La condotta, qualificabile come omissiva/passiva tenuta per un così ampio lasso di tempo, unitamente alla mancata richiesta di trattazione di tale argomento in sede deliberativa assembleare, secondo la Cassazione ha pertanto costituito un comportamento concludente dell’amministratore, il quale ha implicitamente rinunciato al compenso attraverso una remissione tacita del debito.
Su tale questione si è espressa anche la precedente Ordinanza della Corte di Cassazione n. 24139 del 3 ottobre 2018, trattando un caso per certi versi simile, ma per il quale, pur partendo da medesimi principi, è giunta a conclusioni diverse.

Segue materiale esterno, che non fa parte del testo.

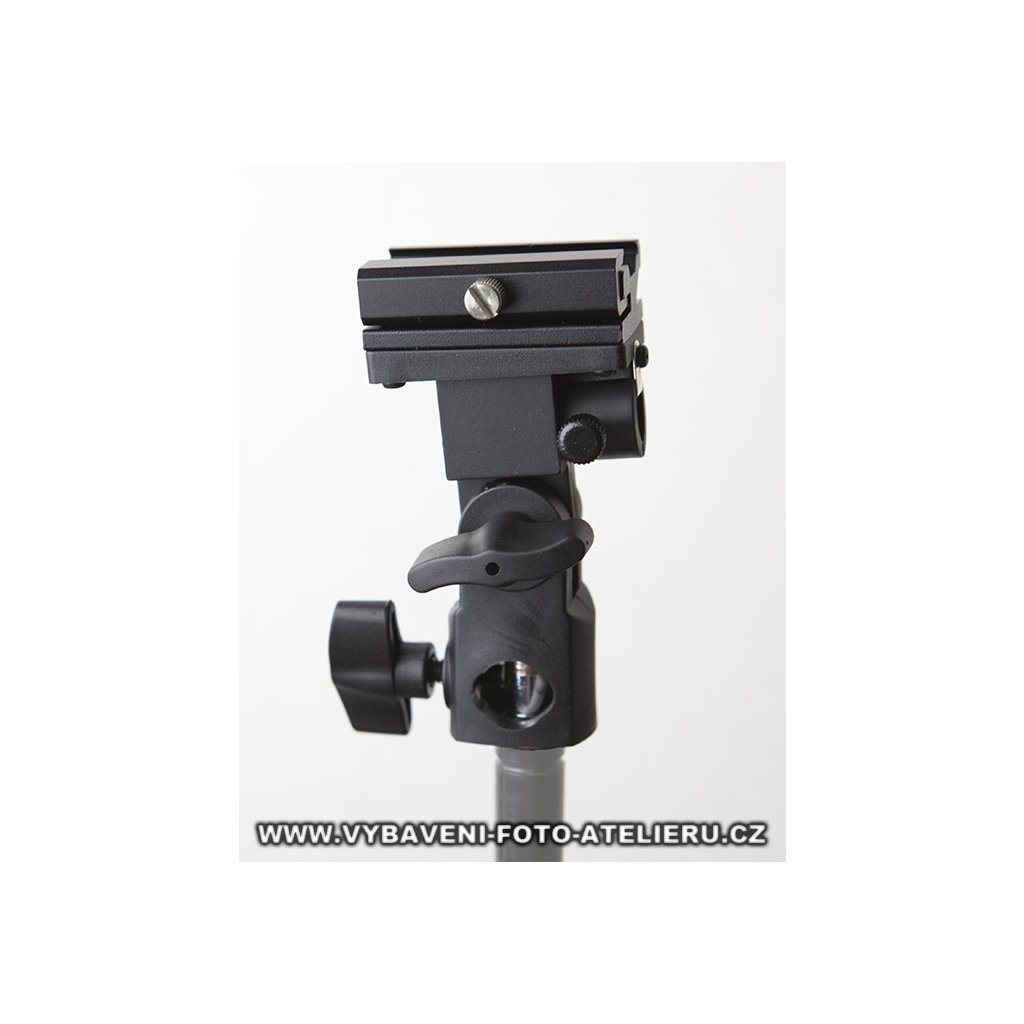 Adaptér umožňující použití systémového blesku v kombinaci se studiovým stativem. Systémový blesk se nasazuje do sáněk na horní straně adaptéru, které jsou šířkově nastavitelné. Ve střední části adaptéru je otvor pro nasazení deštníku který lze aretovat šroubem. Sáňky a závity jsou kovové.

L’amministratore di S.r.l., che aveva ricoperto tale carica per 5 anni, “«per tutta la durata della sua permanenza in carica», […] «non ha mai chiesto alcun compenso ed ha anche omesso di convocare l’assemblea dei soci per deliberare il compenso a lui spettante, sia nel periodo di durata della carica stabilito nell’atto costitutivo (…), sia nel periodo successivo, in cui, scaduto tale termine, aveva continuato a rivestire il ruolo di amministratore». […] «Soltanto nell’agosto del 2007» […] «in occasione dell’approvazione del bilancio del 2006 lo S. che partecipava a tale assemblea in veste di mero socio, contestava per la prima volta il bilancio, pretendendo che fossero accantonati compensi ex art. 17 Statuto».”
Pur confermando la disponibilità del diritto a percepire il compenso per l’incarico di amministratore e la sua rinunciabilità per fatti concludenti (in quanto “una simile eventualità non è preclusa dalla normativa della remissione del debito”), la Corte di Cassazione in questa occasione ha sottolineato che “per leggere in termini di rinuncia un comportamento non sorretto da scritti o da parole o da altri codici semantici qualificati, occorre comunque che lo stesso faccia emergere una volontà oggettivamente e propriamente incompatibile con quella di mantenere in essere il diritto (cfr., tra le altre, Cass., 14 luglio 2006, n. 16125).” e “Un comportamento meramente omissivo risulta, in sé stesso, tutt’altro che inequivoco e, anzi, particolarmente ambiguo.” Anzi, “[…] la mera inerzia ben può esprimere una semplice tolleranza del creditore […] o anche riflettere una situazione di pura disattenzione.”
In tale ultimo caso dunque la Corte ha accolto il ricorso dell’amministratore.